Недостаток развлечений Николай Ильич компенсировал сочинением детских забав, одну из которых с особой любовью вспоминал его младший сын. Николай Ильич достал из шифоньерки золотые монеты и рассыпал их вокруг, а дети собирали их, но никак не
могли отыскать недостающей монеты. Отец подбадривал их, говоря, что если они найдут ее, то смогут себе оставить. Когда монета была найдена, дети долго думали, что же им с ней делать. Подумав, они решили купить родной тетке курильницу. Николай Ильич хотел, чтобы дети как можно раньше познали и мир животных. Для этого он завел кур и цыплят. Охотничьи собаки стали друзьями детей, которые восхищались их грацией и красотой.
Ради детей граф приумножал хозяйство и оставил им после себя много больше, чем получил. У него было «793 мужика и 800 женских полов душ». Он построил каменную церковь в выкупленном Никольском-Вяземском. Служение Отечеству было для него в далеком прошлом. В дне сегодняшнем его интересовали только обязательства перед малолетними сыновьями и дочерью. Чтобы обеспечить их будущее, он решил приобрести на льготных условиях богатое имение с огромным конным заводом, мельницей, с 472 «душами» мужского пола.

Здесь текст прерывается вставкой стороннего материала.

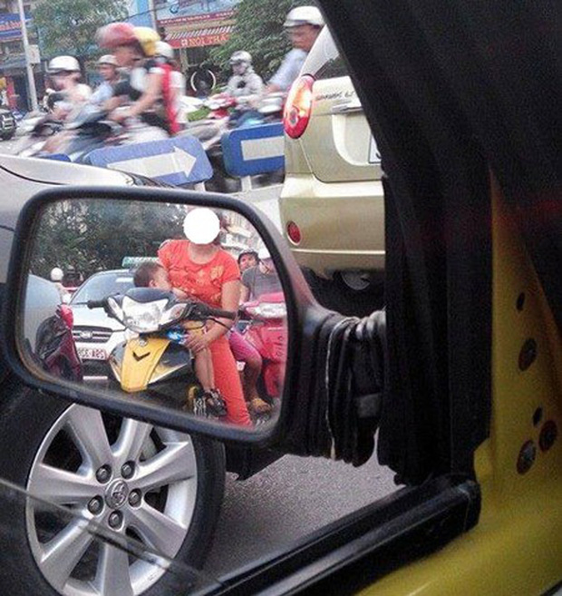 Mới đây, mạng xã hội vừa lan truyền hai bức ảnh người phụ nữ vừa điều khiển xe máy vừa cho con bú suốt cả một quảng đường dài khiến nhiều người ngỡ ngàng.

Сделка, оценивавшаяся в 500 тысяч рублей, стоила графу жизни. Покупка Пирогова у троюродного брата Темяшева казалась поначалу простым делом и оттого выглядела еще более заманчивой, но в реальности обернулась весьма долгой изнурительной тяжбой. Приобретение усадьбы сопровождалось бесконечными скандалами, интригами, инициируемыми сестрой Темяшева — Карякиной, требовавшей судебных разбирательств с целью признания сделки незаконной.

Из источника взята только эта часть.